Aksi halde Kur'an dinde zorlama yoktur derken dinden çıkan nasıl mürtet ilan edilebilecek!... Aksi halde "Allah bu kitabı sadece temiz akıl sahipleri anlar" derken dini saltanata çevirmek isteyenler "Dini sadece derin ilim ehli (yani bizler demektir bu) anlar" nasıl diyebilecek, deseler bile hadisler kaynak sayılmaz sa bu gibi Kur'an dışı hususlara insanları nasıl ikna edebilecekler! Kur'an tek kaynak olursa Allah'ın buyurduğu gibi, "Siz sadece tebliğ edin, hidayet Allah'tandır" denildiği halde nasıl telkinle, baskı ile, zorlama ile herkes mutlaka dindarlaştırılmaya çalışılabilecektir ki... Aksi halde Allah ihtiyaçtan arta kalanı infak edin derken 1/40 yeterlidir nasıl diyeceklerdir? Böylece nefislerini nasıl ilah edinebileceklerdir? Buna Kur'an izin verir mi hiç? Aksi halde "Sen anlamını anlamazsın, kafan karışır, sen yüzünden oku, ne kadar okursan o kadar sevap alırsın" diyerek kitleleri ilahi mesajdan nasıl uzak tutabileceklerdir? Diriler için geleni uyarmak için gelen bir kitabı nasıl ölülere sevap sağlama kitabına dönüştürebileceklerdir? Böyle olmayınca kendileri nasıl ruhban sınıfına yükselebileceklerdir?

Bunlar ve çok daha fazlası tıpkı Allah ve peygamberimiz gibi "Dinde tek kaynak Kur'andır" ... "Sen sadece sana vahyedilene uy..." denildiğinde mümkün değildir! Uydurulan dinin yaşatılabilmesi için "içinde kendisine tek bir referans bulamadığı Kur'ana alternatif bazı kutsal dayanakla"r gereklidir. Hadis dinin kaynağıdır ısrarı bu yüzdendir. Hadisi inkar eden sapıktır dedikleri halde kendileri işlerine gelmeyen hadisleri hemen sahih değil diyerek reddetmeleri ve sahih dedikleri yığınla hadisle amel etmemeleri de (mesela keçi sidiği içmek gibi) ayrı bir paradokslarıdır. Misvak kullanmak, sakal uzatmak amenna ama bunlara gelince yok say! Hani sahih hadis dinin kaynağıydı, hepsine birden, hiç birini ayırt etmeksizin uysanıza ya? Kendileri diledikleri hadisleri yok sayabilirler, mahzuru yoktur; ancak bunları başkası kabul etmediğinde o sapık olur... Bir sözün sahih olup olmadığının ölçüsü zanlarıdır. Hangi sahihle amel edip etmeyeceklerininki de keyifleri. Ne ilginç... Peygamberimiz sadece Kur'ana uydu! Böyle diyeni, onun gibi yapmaya çalışanı şimdilerde sapıklıkla suçluyorlar. Ayrıca peygambere de... diyorlar. Sanki peygamberimiz Kur'an dışı bir kişiydi gibi. "Onun ahlakı Kur'andı" O yaşayan Kur'an değil miydi? Öyleyse onun gibi yaparak, onu referenas alarak, onun izinden giderek sadece Kur'ana uyanlar peygamberimize uymuş olmuyor mu?

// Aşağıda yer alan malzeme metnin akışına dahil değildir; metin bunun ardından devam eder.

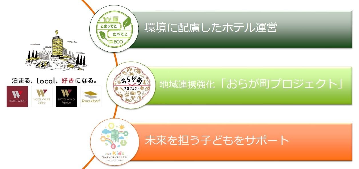 株式会社ミナシアでは、ホテル事業やレストラン事業を通じて持続可能な社会の実現に貢献することを目指しています。ESGやSDGsの考え方を意識しながら、3つのテーマ【環境に配慮したホテル運営】【地域連携強化】【未来を担う子どもをサポート】を軸に継続的取り組みを行っています。

En iyi korunması gereken, 100.000 kişinin aynı anda dinlediği Veda Hutbesi bile günümüze iki - üç ayrı formatta gelmiş ise gerisi iyi korundu, ravisi sağlamdı vs. demek ne kadar inandırıcı olabilir? Birilerinin uydurduklarına yahut ekleme ya da çıkarma yaptıklarına din (dinin kaynağı) demek dine en büyük iftiradır.

Son olarak tekrar ediyorum: 
 
Şayet Kur'an Allah sözü ise... 
 
Kur'an korunmuş diye inanıyorsak... 
 
Allah sık sık peygamberimize (haliyle bizlere) sadece sana vahyolunana uy diyorsa... 
 
Vahiy olan sadece ayetler yani Kur'an ise... 
 
Allah din sadece Allah'ındır ve sen ancak elçisin diyerek din işine peygamberimizi dahi ortak etmiyorsa... 
 
Öyleyse hala ilgili konudaki apaçık ayetlere göz kapayıp onlarla alenen çelişmek, onları alenen inkar etmek pahasına ısrarla hadis demekteki anlayış ne kadar da ilginç?
 
Madem peygamberimiz Kur'an dışında, onla çelişen, ona ekleme yapma ya da onu eksiltme manasında yeni (ekstra) bir şeyler söylemedi, söylemez de... O madem sadece kendisine indirilene tabi olmakla emrolundu! Öyleyse yeni bir şey bulunacakmış, peygamberimiz dine aldığı Kur'an dışında da yeni şeyler katmış gibi bir mesaj vererek sahih vs. hadis aramanın anlamı nedir? "Kur'ana uyuyorsa alırız" demenin mantığı var mıdır? Kur'ana uyuyorsa zaten o uyan husus -kıyaslanıp da uyduğuna hükmedildiğine göre- demek ki Kur'anda var demektir! Yok uymuyorsa zaten kabul etmiyorsunuz!
 
Dinin kaynağı dediğiniz sözleri bazen kabul ediyor bazen de ne güzel inkar edebiliyorsunuz! Öyleyse bu saçmalıklara, dini bu kadar çelişkili, mantıksız, saçma göstermelere ne gerek vardır? Hristiyanlara "Matta, Markos, Luka, Yuhanna diye sizin dört kitabınız var, sizin dininizin bozulduğu bakın buradan belli" derken onlara "Sizin de Buhari, Müslim, Tirmizi, Sünen-i Davut ve Kur'an diye tam 5 kutsal kitabınız var, ne haber" demelerine neden yol açıyorsunuz? Öyleyse Peygamberimiz gibi yapsak, onu rehber edinsek, tıpkı onun gibi yaparak onun uyduğuna uysak doğru olmaz mı?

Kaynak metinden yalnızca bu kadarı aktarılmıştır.